“Your genes load
the gun. Your lifestyle pulls the
trigger.”
--Mehmet Oz
Genetic expression is the outcome of millions of connections
between genetic factors. The Human Genome Project, substantially final by 2003,
showed that the differences in DNA between people are just 0.1 percent:
one-tenth of a single percentage. We are
a single species and anyone who is human shares 99.9% of DNA with every other
human. So any two people are 99.9%
identical genetically – from any place or group on the planet.
Chimps, our closest biological relatives, share just
5.2-6.2% for the entire genome. Although
humans are primates in the great apes line, our last common ancestor lived 6 to
8 million years ago. The first four
million years of our history were lived out exclusively in Africa. Charles Darwin proposed this origin theory in
1871 but at the time this was considered a wild guess—while now richly
confirmed by fossil as well as genetic evidence (Smithsonian Museum of Natural
History).
But what about the differences? Height, weight, face shape, body build, skin
and eye color, hair texture, and straight, wavy, or curly hair are visible
outward expression (phenotypes). Susceptibility
to heritable disease like autism and schizophrenia, cancer, Type II diabetes, cystic
fibrosis, and heart disease, along with the physical body factors, are all very
marginal factors compared to what is shared.
Malarial resistance is traceable to the genetic lack of the Duffy
antigen in the red blood cell, protecting two-thirds of the African population
from the disease over thousands of years.
But the differences are what allow us to associate a single difference
with large groups, and that is where our attention—which is a cultural
artifact—is focused. The human
propensity to compare visible aspects between people is acute and has survival
origins, as for example in our keen ability to tell faces apart, even very
closely related ones. This highly developed skill, unique to humans, is one which
we rarely think about as a brain tool--except whenever we fail to recognize
someone we should-- is located in the fusiform gyrus, which so far appears to
be dedicated to this single operation.
Gender is the leading biological difference between
people. On the gender side, human births
show a ratio bias toward boys – 105 male births versus 100 for girls. One explanation for this off-balance is that
fewer males live to adulthood, so the male imbalance levels off
eventually. We focus on gender, though,
not because it is a biological reality, but because such a rich heritage of
meaning and behavior has been built up around the male / female binary difference. Gender has greater cultural weight than aa
simple biological category.
Each individual has a total of 20,000 to 25,000 genes. But there are 3 billion base pairs within the
species, which means that any pair of humans differs by 3 million. With 3 billion DNA letters in the human
genome, sequencing them is among the most ambitious science project of all
time, along with splitting the atom. The
HGP is the standard for all research in this arena. As change expert Virginia Satir has noted, a surgeon
can go anywhere on earth and operate on any person at all; we are that
standardized physically. Now we have a far
finer-tuned standard, the blueprint based on molecular-scale reality explaining
what makes us both different--and the same.
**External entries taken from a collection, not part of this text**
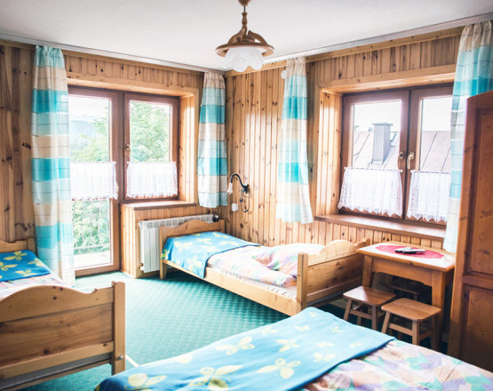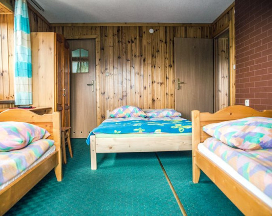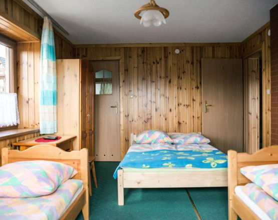 - 1 czteroosobowy lub trzyosobowy z łazienką i TV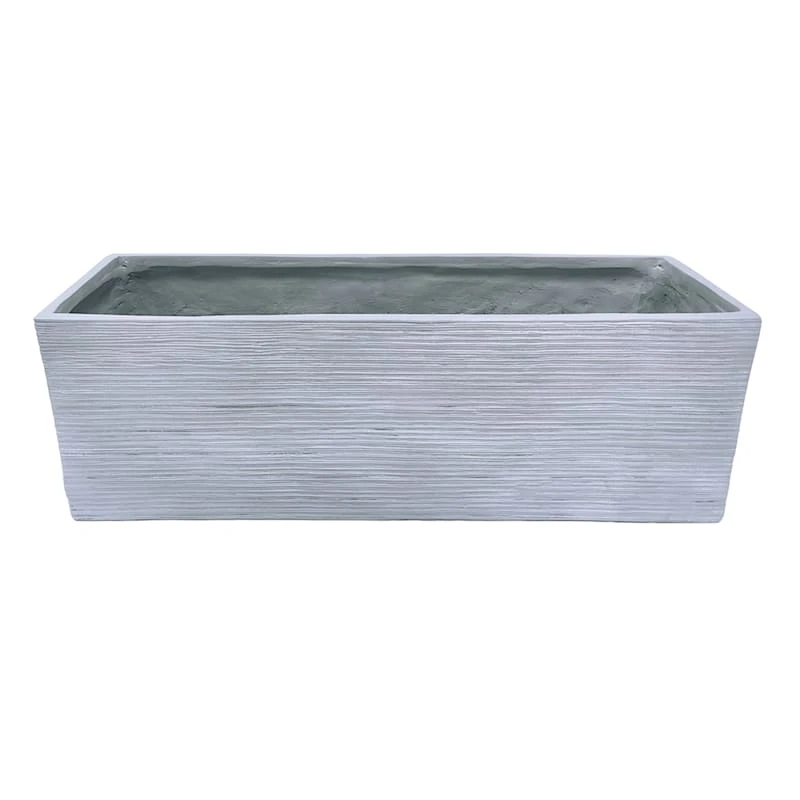 Highlight your green thumb and showcase your annuals and perennials at your front door or add a touch of festive foliage to your deck with our stylish 28in. white Riverside oblong planter. More than just a spot to display your gardening skills, this striated design concrete planter has a wonderfully textured appearance with its simple cement design. Created to live indoors or out, it’s ready to make your plants pop.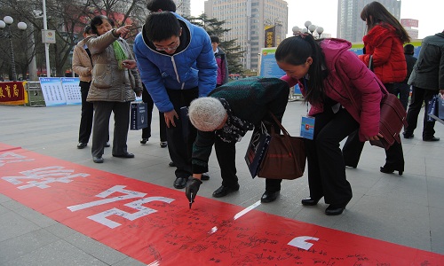 虽然十二月的天寒气逼人,但在活动现场,同学们热情的向过往行人发放宣传材料、耐心的讲解法律知识,使法律深入社会,提高了法律意识,增强了法治观念,让更多人知法、守法、懂法、用法,构成了东方红广场一道美丽的风景线。同时由我院学生发起的以“树立宪法权威,增强法治精神”为主题的万人签名活动得到了社会的一致认可,此次普法宣传活动取得圆满成功。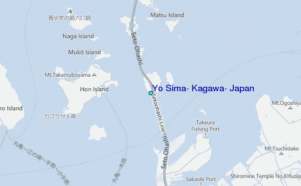 Use this relief map to navigate to tide stations, surf breaks and cities that are in the area of Yo Sima, Kagawa, Japan.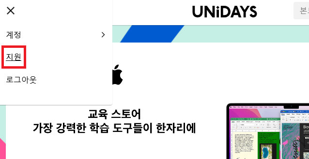 유니데이즈 홈페이지 좌상단 [메뉴] - [지원] 으로 들어간다.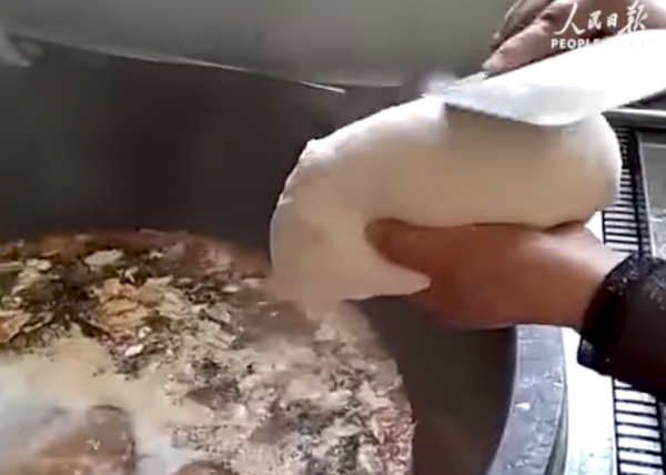 刀削麺は中国北部の伝統的な麺で、ナイフで削っていくのが特徴です。通常職人が一定のリズムで麺を削っていきます。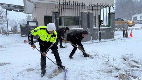 Osmaniye Hasanbeyli'de polisler, kar yağışı sonrası hizmet binaları önündeki karları kürekle temizleyerek vatandaşların güvenli giriş çıkışını sağladı.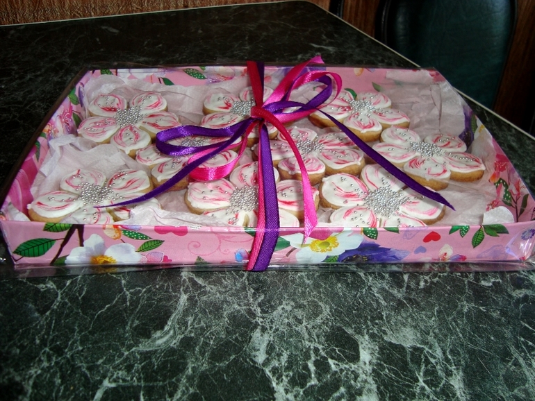 Ой,нет такие нельзя на заказ(только не обижайтесь).Бугры,контуры надо насадкой меньшего размера делать(это я про бант и закарючки на сердцах),есть пряники совсем тонкие.Заливку жиже,потом немного постучать по ровной поверхности.А вот на цветы айсинг надо еще гуще,у Вас цветы размазанные получаются.

Within any species, genetic variation
can result from several sources. Mutations,
the changes in the sequences of genes in DNA, are one source of genetic variation—without
them, genetic evolution would not be possible. Gene
flow, another source, is the movement of genes between
different groups, along with our long history of mobility across land and
water. Sexual reproduction leads to the
creation of new combinations of genes (National Geographic Resource
Library).
Genetic changes over time can trace
human origins, development, and mobility. Genomics is the study of individual
genome and gene interactions along with the effects of environmental factors
(and fitness outcomes). Our
homogeneity indicates a young species—less than a quarter million years old for
modern humans. Individuals from widely separated groups can be more similar
than individuals from the same group, which is why the concept of race is
without scientific basis. The widest difference
between groups is actually found in Africa, giving credence to the African
origin hypothesis, in which a subset of that continent’s population moved out
60,000 years ago to populate the earth. Meanwhile the African genetic story has maintained
the oldest genome, which continued to generate variations leading to modern
distinctions between groups.
Natural selection made possible by genetics favors some
genes over others as more survival-friendly, including cultural values-based
biases that select for some traits (like height or health) over others. So the genome, too, has a bias—it tends
toward better survivability over time and across generations. (The peppered moth
wing color, from light to dark, being the classic example of selection for survival
in industrial Manchester.) Whatever our
genetics, it is finally culture and its selective values, or positive bias,
that “pulls the trigger” on how genetic expression operates as a social
force. This means that it is culture,
not biology, that determines what genetic variations mean to our thought and
action—whether advantageous or detrimental.